L'unité technique opérationnelle (UTO) de la
Bénoué est l'unique aire protégée de
première catégorie dans la région septentrionale du
Cameroun. Bien qu'elle soit classée parmi les plus riches du pays en
termes de diversité biologique, cette aire protégée, tout
comme les zones banales environnantes, sont exposées à la chasse
illégale ou braconnage; les populations locales appréciant bien
le gibier (WWF, 2004).
· Groupes ethniques et migrations des
populations
Plusieurs ethnies composent la population vivant dans l'UTO
de la Bénoué. Les groupes autochtones sont composés des
Haoussas essentiellement commerçants, des Foulbés
particulièrement éleveurs, des Fali, Kangou, Mboum, Laka, Dourou,
Veré, Tchamba, Bata qui sont des agriculteurs. L'ethnie majoritaire est
constituée par les Dourou pour la plupart des agriculteurs.
Les allogènes sont représentés par les
immigrants venus de l'Extrême-Nord et du Tchad: il s'agit des Toupouris,
Massa, Matakam, Moundang, Guiziga, Laka, Mada qui pratiquent pour la plupart la
culture du coton (WWF et al, 2002).

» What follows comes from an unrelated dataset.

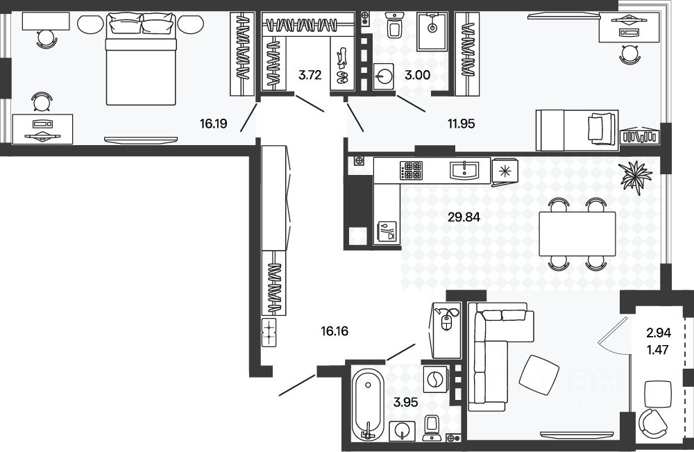 широкий выбор планировочных решений (от 36 до 195 кв.м);

Ils sont fortement
impliqués dans l'exploitation et la vente de bois de chauffage ;
activités qui contribuent substantiellement à la destruction du
couvert végétal, et donc de l'habitat pour la faune.

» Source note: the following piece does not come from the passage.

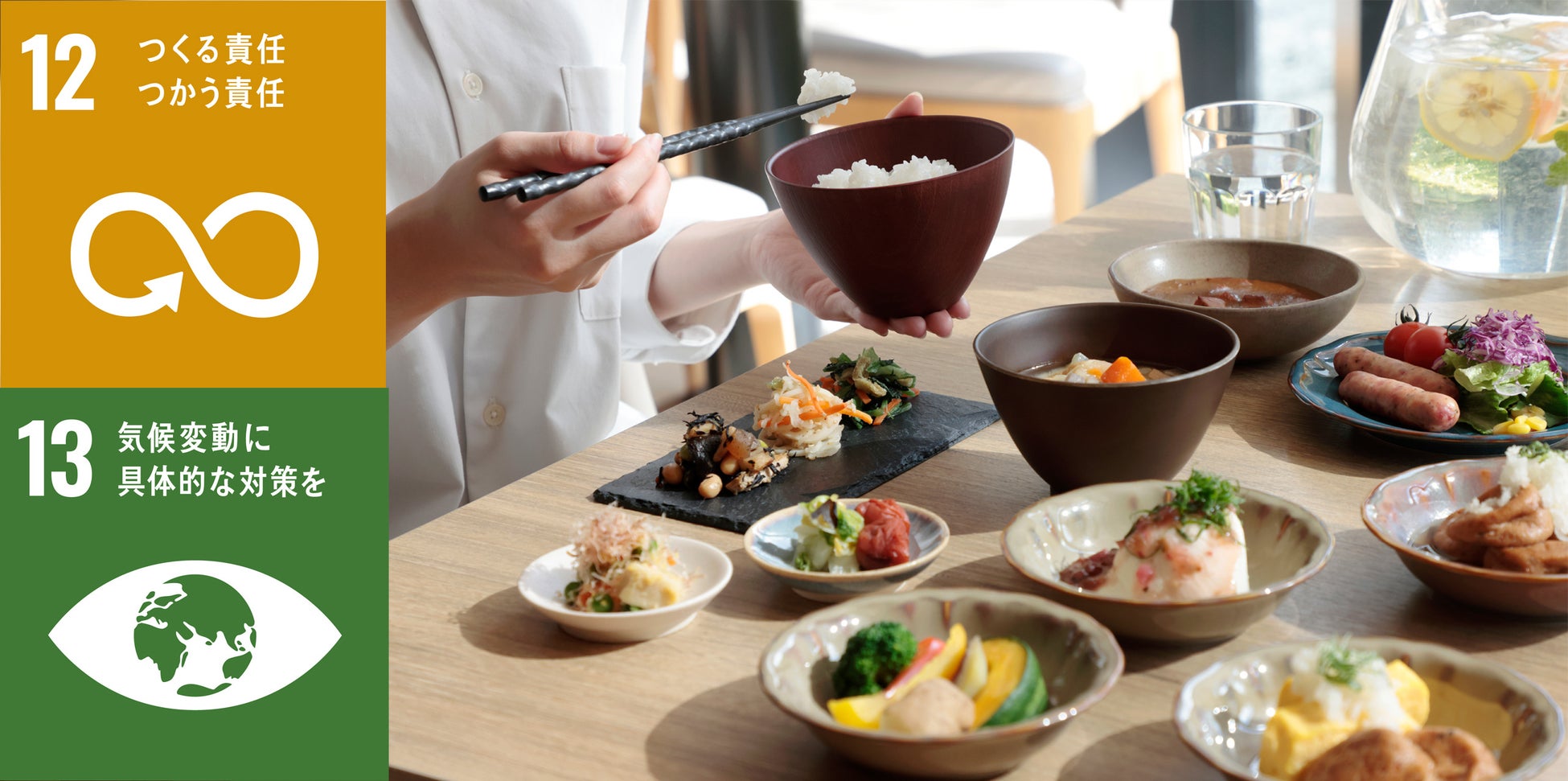 朝食・昼食のブッフェ終了後、本来なら廃棄される予定の料理を規定容器で従業員へ販売し、食材を捨てずに、従業員の福利厚生向上と廃棄削減を両立させました。また提供時間を短時間で設定し、衛生面においても徹底した運用を行いました。

La population de la région du Nord est à la
fois moins dense et moins bien repartie (73% de la population y occupe
seulement 26% de la superficie) (DNSC, 2007). L'UTO s'étend sur un seul
département et est peuplée d'environ 176708 habitants (Endamana
et al., 2006).
· Organisation sociale et régime foncier
La société dans la Région du Nord
Cameroun est organisée autour de la chefferie localement appelée
Lamidat à la tête duquel se trouve un Lamido qui constitue
l'autorité traditionnelle ; celui-ci est le véritable gardien des
traditions ancestrales. Les ZIC 1 et 4 comptent prêt de 9 villages tous
sous l'autorité du Lamidat du Rey-Bouba. Les Lawans sont les chefs de
quartiers tandis que les djaoros sont les chefs du village. Ceux-ci constituent
les relais du Lamido au niveau des villages et des quartiers.

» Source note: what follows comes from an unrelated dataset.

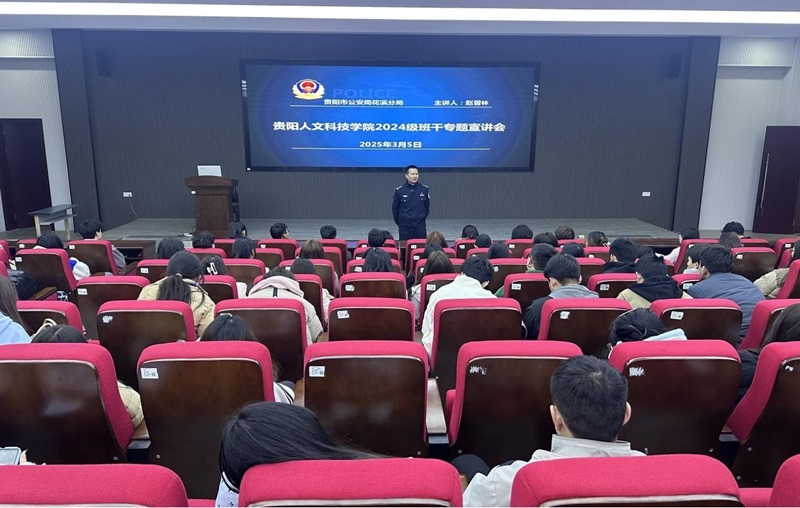 为进一步加强校园安全管理,提升伟德班级干部的安全责任意识与应急处置能力,3月5日,伟德国际1949官网保卫处联合松山派出所在花溪校区会议报告厅共同开展了2024级班干专题宣讲会,松山派出所赵普林副所长作会议主讲。本次宣讲会吸引了花溪校区各学院的 2024 级班级干部踊跃参与,现场气氛热烈,成效显著。

Le système politique traditionnel y est de type
féodal où le Lamido est considérée comme
l'intermédiaire entre Dieu et les hommes ; cette autorité est
décentralisée au niveau des relais locaux; ainsi le lamido confie
une partie de la gestion du territoire aux lawans et aux djaoros qui ont
respectivement le statut de chef de deuxième et
troisième degré. Les régimes fonciers traditionnels en
vigueur valorisent soit une gestion collective, soit une gestion
individuelle des terres (Nanko, 2009) :
- Chez les populations non islamisées ou Kirdi de la
plaine (Koma, Moundang, Toupouri, Massa) et des montagnes (Mafa, Mofou), le
régime foncier privilégie les droits de l'individu par rapport
à la collectivité ; chaque chef de famille dispose d'une portion
de terre sur laquelle il exerce des droits (agriculture, élevage, etc.).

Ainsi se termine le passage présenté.